As described above, the electrically operated fuel pump device in accordance with the present invention is arranged such that the outer diameter of the closed vane type impeller is within the range of 20-65 mm and the flow passage representative dimension is within the range of approximately 0.4-2 mm. Thus, the required efficiency is secured or ensured, and the fuel pump device is reduced in weight, size, consumed electric power and manufacturing cost. In addition, there is also provided an appropriate interrelation between the discharge pressure and the discharge flow rate for the electrically operated fuel pump device for vehicles.

Claims

What we claim is:

1. An electrically operated fuel pump device for vehicles, comprising a regenerative pump component and an electric motor component operatively connected to said regenerative pump component to actuate the same to discharge fuel at a pressure of at least 2 Kg/cm² and a flow rate of at least 40-150 l/hr, said regenerative pump component comprising:

a pump casing defining therein a pump chamber;

a closed vane type impeller operatively connected to said electric motor component and rotatable within said pump chamber, said impeller having an outer peripheral portion thereof cooperating with said pump chamber to define a pump flow passage, said impeller having in said outer peripheral portion a plurality of vane grooves formed in opposite axial end faces of said impeller in circumferentially spaced relation to each other; and

said impeller having its outer diameter within a range of approximately 20-65 mm, and a flow passage representative dimension defined by S/l being within a range of approximately 0.4-2 mm where S is a cross-sectional area of said pump flow passage and l is a cross-sectional peripheral length of said outer peripheral portion.

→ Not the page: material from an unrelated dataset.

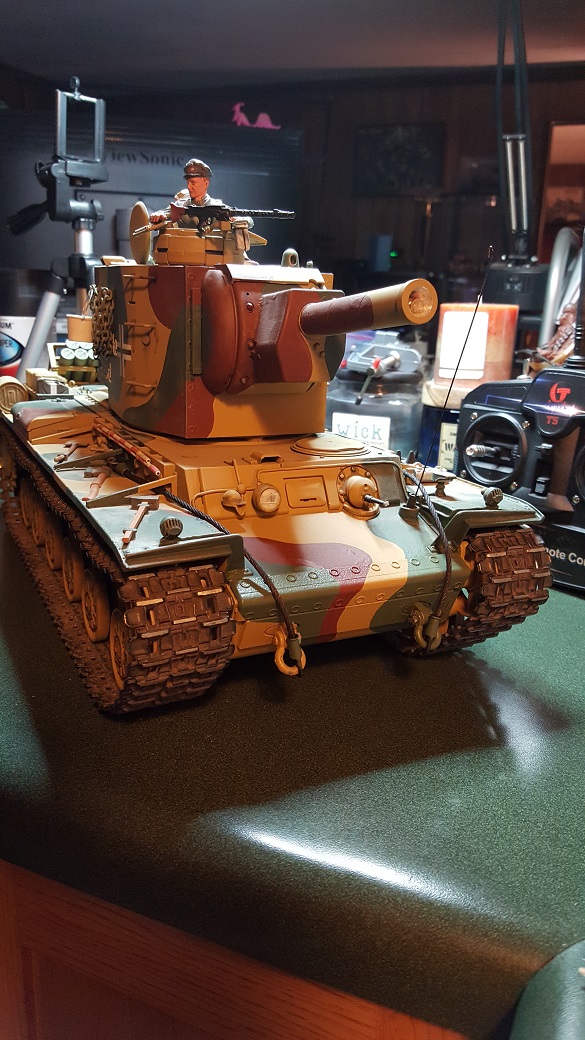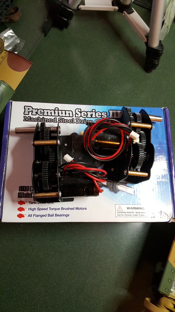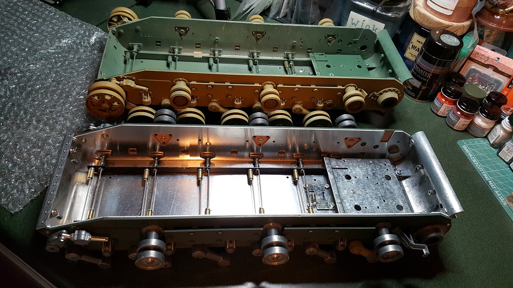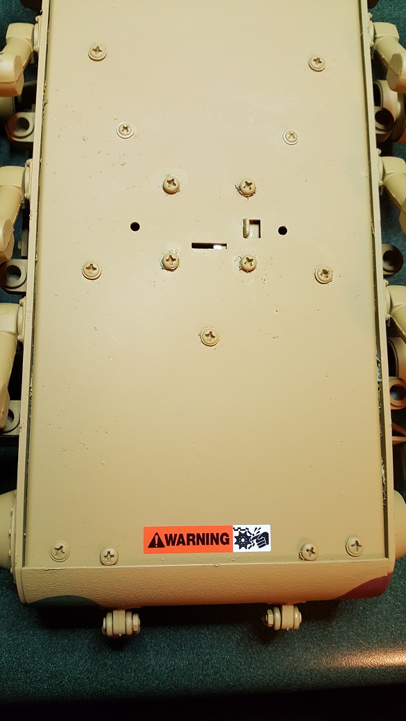 Four years on, I ran the 'Palace' out in the North Africa section of the lot to do a photo shoot for a past Tank of the Month. Some great pics resulted but later during the cleanup ( dusting grit out of the tracks, etc ) I noticed a clicking noise while the tracks were running and the drivers side track seemed slower to respond. I knew that there is no slipper clutch in a metal gearbox so I opened it up and sure enough, the zinc cast gear box was kaput on that side. The great weight of this tank had finally worn away the teeth on the gears. The other side was not in much better health. Time for a Redo! A couple of months of collecting the right gearboxes ( had to order from Russian Federation since Taigen was out in the states ). Kindly assistance from Forgebear netted a brand new lower hull and return rollers. ( again, Taigen was out of stock ). Lower hull, you might ask? Well in the tear down, I noticed that the front of the lower hull was bowing out a bit ( from what I could not speculate ) and I went to tap it back into shape with a small brass hammer resulting in shattering the add on armor plate on the bow!!!! This included the 'L' shaped lip that keeps the upper in place. So after rueful searching later, months of waiting ensued. I had epoxied everything back together but I could not reach a point in the process where I was satisfied. So a serious Re-Do resulted. At the conclusion, the 'Palace' rides again, better than ever! Here are the pics: ( Click to enlarge as usual )

2. A fuel pump device defined in claim 1, wherein said flow passage representative dimension is within a range of approximately 0.6-1.6 mm.

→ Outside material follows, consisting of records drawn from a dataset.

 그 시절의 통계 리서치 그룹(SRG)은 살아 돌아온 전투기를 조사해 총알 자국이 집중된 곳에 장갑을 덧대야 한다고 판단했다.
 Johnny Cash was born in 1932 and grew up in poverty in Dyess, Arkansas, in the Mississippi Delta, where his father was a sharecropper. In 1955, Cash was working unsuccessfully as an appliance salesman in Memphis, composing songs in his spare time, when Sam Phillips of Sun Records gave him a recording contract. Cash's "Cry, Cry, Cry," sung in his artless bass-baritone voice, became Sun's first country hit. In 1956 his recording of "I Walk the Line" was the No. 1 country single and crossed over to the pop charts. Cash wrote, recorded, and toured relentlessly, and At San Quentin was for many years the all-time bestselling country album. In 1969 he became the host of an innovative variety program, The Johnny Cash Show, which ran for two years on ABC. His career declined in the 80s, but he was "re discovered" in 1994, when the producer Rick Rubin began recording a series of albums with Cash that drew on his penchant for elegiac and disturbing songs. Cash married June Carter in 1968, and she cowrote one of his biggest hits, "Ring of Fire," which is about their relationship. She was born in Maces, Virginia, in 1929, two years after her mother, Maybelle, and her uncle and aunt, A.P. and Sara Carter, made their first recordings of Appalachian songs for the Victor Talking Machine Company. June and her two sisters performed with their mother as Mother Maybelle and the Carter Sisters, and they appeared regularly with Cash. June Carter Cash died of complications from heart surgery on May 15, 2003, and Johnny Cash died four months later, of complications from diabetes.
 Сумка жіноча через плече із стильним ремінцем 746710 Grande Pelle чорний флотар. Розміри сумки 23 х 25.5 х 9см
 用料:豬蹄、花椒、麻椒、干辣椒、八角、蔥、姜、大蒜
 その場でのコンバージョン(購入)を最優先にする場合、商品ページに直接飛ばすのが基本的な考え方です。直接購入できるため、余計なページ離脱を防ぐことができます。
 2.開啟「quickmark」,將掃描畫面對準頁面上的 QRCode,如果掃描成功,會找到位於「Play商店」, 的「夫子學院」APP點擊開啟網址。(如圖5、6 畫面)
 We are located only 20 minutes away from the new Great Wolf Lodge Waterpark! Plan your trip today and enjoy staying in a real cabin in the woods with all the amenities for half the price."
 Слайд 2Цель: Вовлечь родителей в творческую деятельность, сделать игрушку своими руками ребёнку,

3. A fuel pump device defined in claim 1 or 2, wherein the outer diameter of said impeller is within a range of approximately 25-45 mm.

4. A fuel pump device defined in claim 1 or 2, wherein said impeller has first and second annular projections formed on said opposite axial and faces of said impeller, respectively, in concentric relation to the rotating axis of said impeller, said pump casing having end walls opposite to said axial end faces of said impeller, respectively, said first and second annular projections cooperating with said end walls of said pump casing to define first and second chambers, respectively, said regenerative pump component further including means for communicating said first and second chambers with each other to balance the fluid pressures within said first and second chambers with each other.

5. A fuel pump device defined in claim 4, wherein said regenerative pump component further includes a shaft connected to said electric motor component, said impeller being mounted on said shaft, said impeller having therein a central axial bore into which said shaft is fitted, said communicating means comprising at least one axial groove formed in a wall surface of said bore in said impeller.

6. A fuel pump device defined in claim 5, wherein said impeller is mounted on said shaft for axial movement therealong, but against rotation relative to said shaft.